Abstract
As the number of cancer survivors increases, cardiac management in anthracycline-treated patients has become more important. We planned to conduct a prospective multicenter registry study for comprehensive echocardiographic and biomarker data collection and an evaluation of the current practice in terms of diagnosis and management of anthracycline-induced cardiotoxicity (AIC registry). To examine the feasibility of this registry study, we analyzed the 1-year follow-up data of 97 patients registered during the first year of this registry. The AIC registry was launched in July 2016. Data on echocardiographic parameters (e.g., two-and three-dimensional [(2- and 3-D) left ventricular ejection fraction (LVEF) and global longitudinal strain (GLS)) and biomarkers (e.g., troponin T and brain natriuretic peptide) were collected before anthracycline treatment, every 3 months during the first year after starting anthracycline, and every 6 months during the second year. Eighty-three patients (86%) completed a 1-year follow-up. The measurable rates of 2D LVEF, 3D LVEF, and GLS on each visit were nearly optimal (100%, 86–93%, and 84–94%, respectively). During the 1-year follow-up, 5 patients (6.0%) developed cardiotoxicity (a reduction in LVEF ≥ 10 percentage points from baseline and <55%).
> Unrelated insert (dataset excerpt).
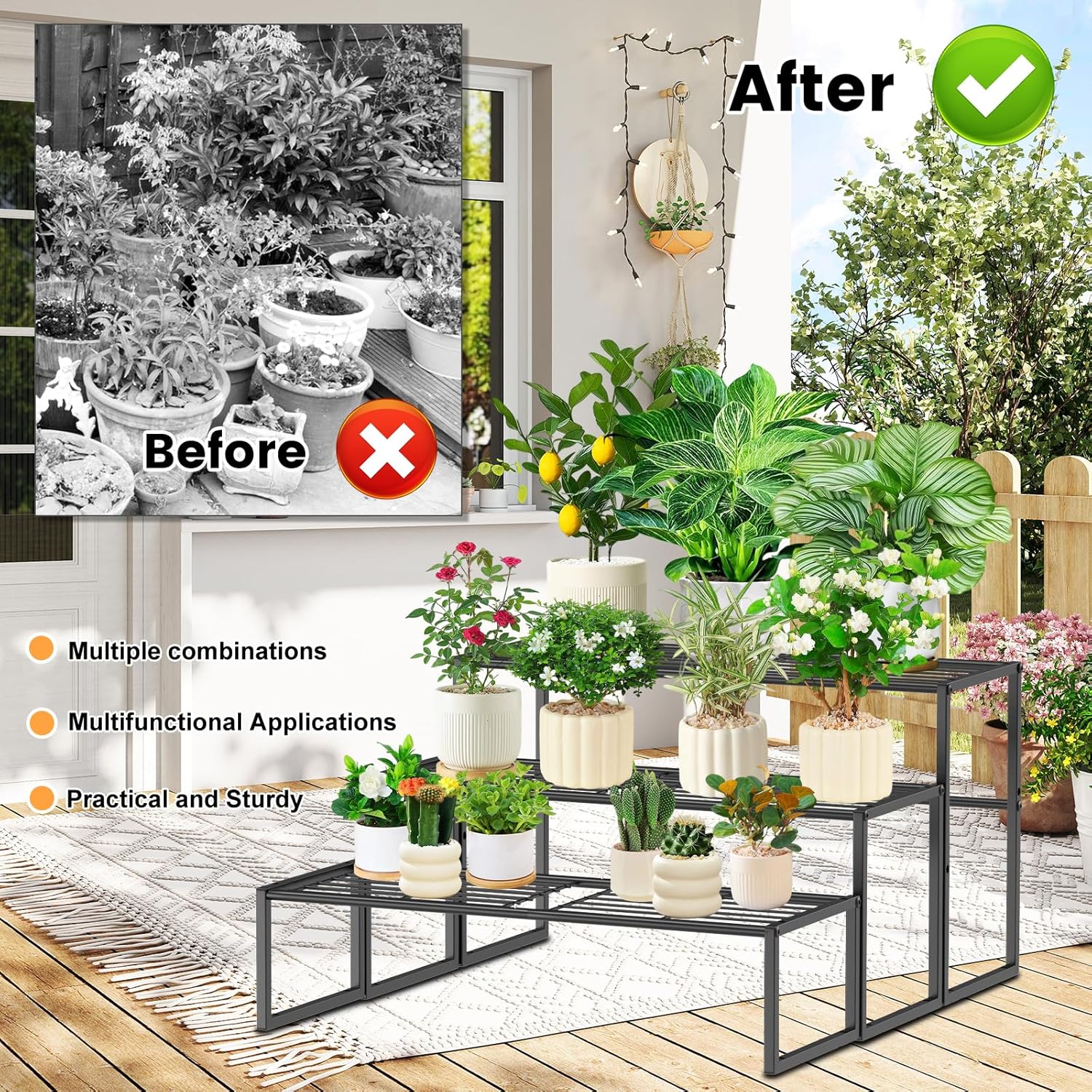 - 【Multiple Formats】 This 3-layer ladder flower stand are three display modes, single stacking or multiple product stacking, stepped shape, straight ladder shape, horizontal placement, flexible design saves space, you can adjust the height and number of layers according to your needs.

The AIC registry study is feasible and will be the first study to collect sizable echocardiographic and biomarker data on cardiotoxicity in Japanese patients treated with anthracycline in a real-world setting.
Highlights
Anthracyclines are among the most commonly used chemotherapeutic agents for the treatment of hematologic malignancies and solid tumors [1]
It is well established that the risk of heart failure (HF) secondary to anthracyclines is associated with cumulative exposure [3]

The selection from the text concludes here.